Why does it take so long for my computer to start up?
Good question. And without actually seeing YOUR computer, I can’t know for sure. But one of the most frequent causes of a computer being slow to start up is that there are a bunch of programs trying their best to start up right along with Windows.

Have a look at the System Tray (also called Notification Area) by the clock in the lower right part of your screen. If you see RealPlayer, QuickTime, AOL or MSN Messenger, photo or scanner programs and the like, you can keep those from loading with Windows and from running all the time. You can still use those programs whenever you need them.

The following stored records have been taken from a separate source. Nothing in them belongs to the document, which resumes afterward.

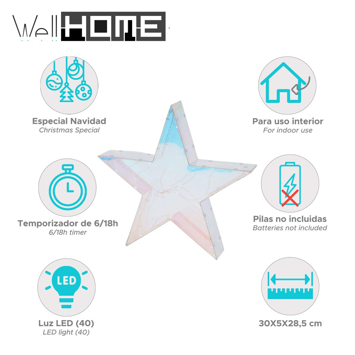 Transforma tu hogar con esta encantadora Estrella de pie que iluminará cualquier espacio con sus 40 LED micro blancos fríos.
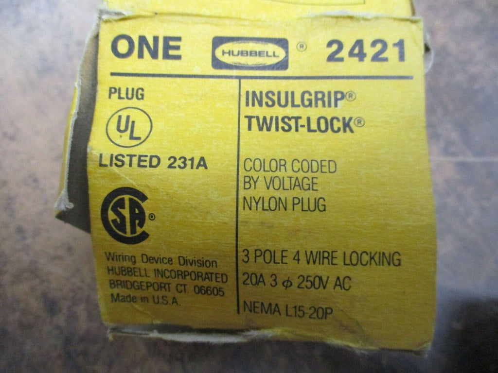 Hubbell Insulgrip Twist-Lock Plug 2421 20A 250V 3Ph New Surplus Condition: New – Open boxBrand: HubbellType: Electrical PlugMPN: 2421 Hubbell Insulgrip Twist-Lock Plug 2421 20A 250V 3Ph New Surplus Hubbell Insulgrip Twist-Lock Plug Part #: 2421 20A 250V 3Ph New SurplusLOC 13D4-40 Hubbell Insulgrip Twist-Lock Plug Part #: 2421 20A 250V 3Ph New Surplus LOC 13D4-40
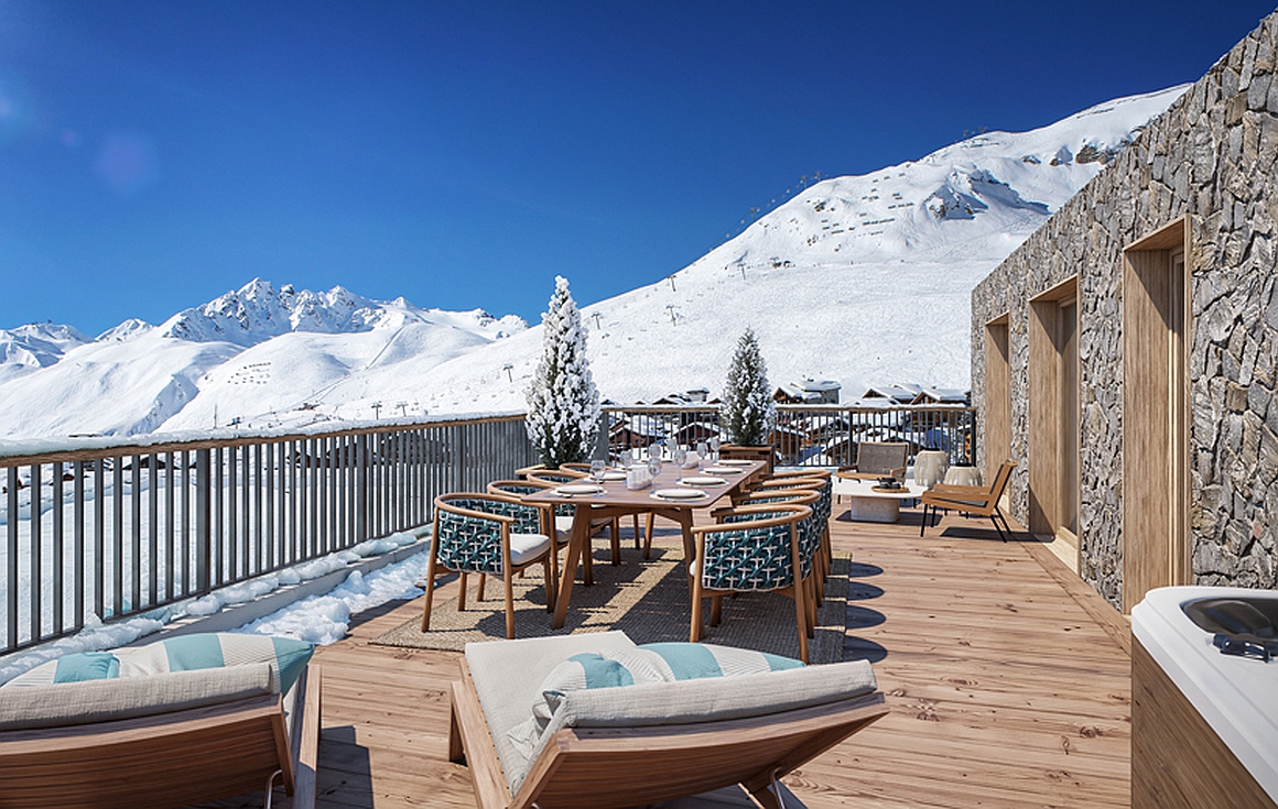 These 3 bedroom ski in and out apartments set in the Le Lavachet area of Tignes at an altitude of 2100m, will be found within this brand new development of 19 luxury 2 - 5 bedroom apartments that forms part of the global rejuvenation of this neighbourhood of the resort, which includes a brand new slope, beginners area, hotel with roof top bar, 2 restaurants, ski school, kids club and 1900m2 wellness area with swimmimg pool Effortlessly combining style, elegance and convenience, the 3 bedroom apartments will offer internal surfaces of 66 - 85m2 plus balconies totalling 7 - 23m2.
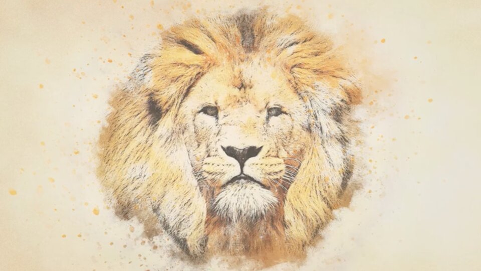 Kolorowa grafika przedstawia głowę lwa okoloną płową grzywą. Zwierzę ma zadarty ku górze pysk i przymknięte oczy. Tło jest jasne.
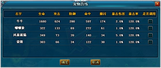 每次宠物历练要求玩家的宠物必须参加,辅助的宠物可以没有。
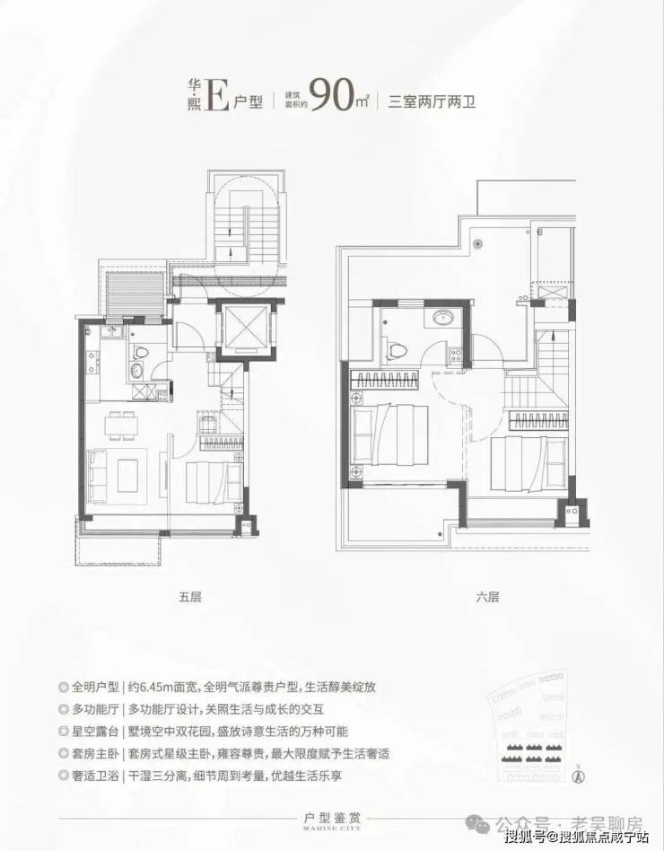特别是这个E户型,建面仅约90㎡,对于想住叠加但预算有限的购房者来说,面宽约6.45米,上下动静分离带,是个不错的选择!

To see what programs load when you start Windows:

  • Click Start Run
  • Type “msconfig” without the quote marks
  • Press Enter
  • Click on the Startup tab
  • You will see a list of programs that load when Windows starts. If you know or can guess what those programs are, clearing the checkmark next to a program will stop it from loading at Windows startup.
  • OK your way out.

    The next time you start the computer, you’ll receive a warning box telling you that you’ve made changes. You knew that, so just check the box that tells Windows not to nag you about it again.

    Using msconfig is fine if you know what all the files are. Most of us don’t, and that’s why I recommend a couple of good, free utilities. One is called What’s Running, and is available here:


    The other is called autoruns, and is available here:


    Running either will tell you more about your startup situation (and other aspects of your computer) than msconfig. If you still can’t figure out what something is or does, try searching Google with the name of the file. If you’re still not sure, I don’t recommend turning it off!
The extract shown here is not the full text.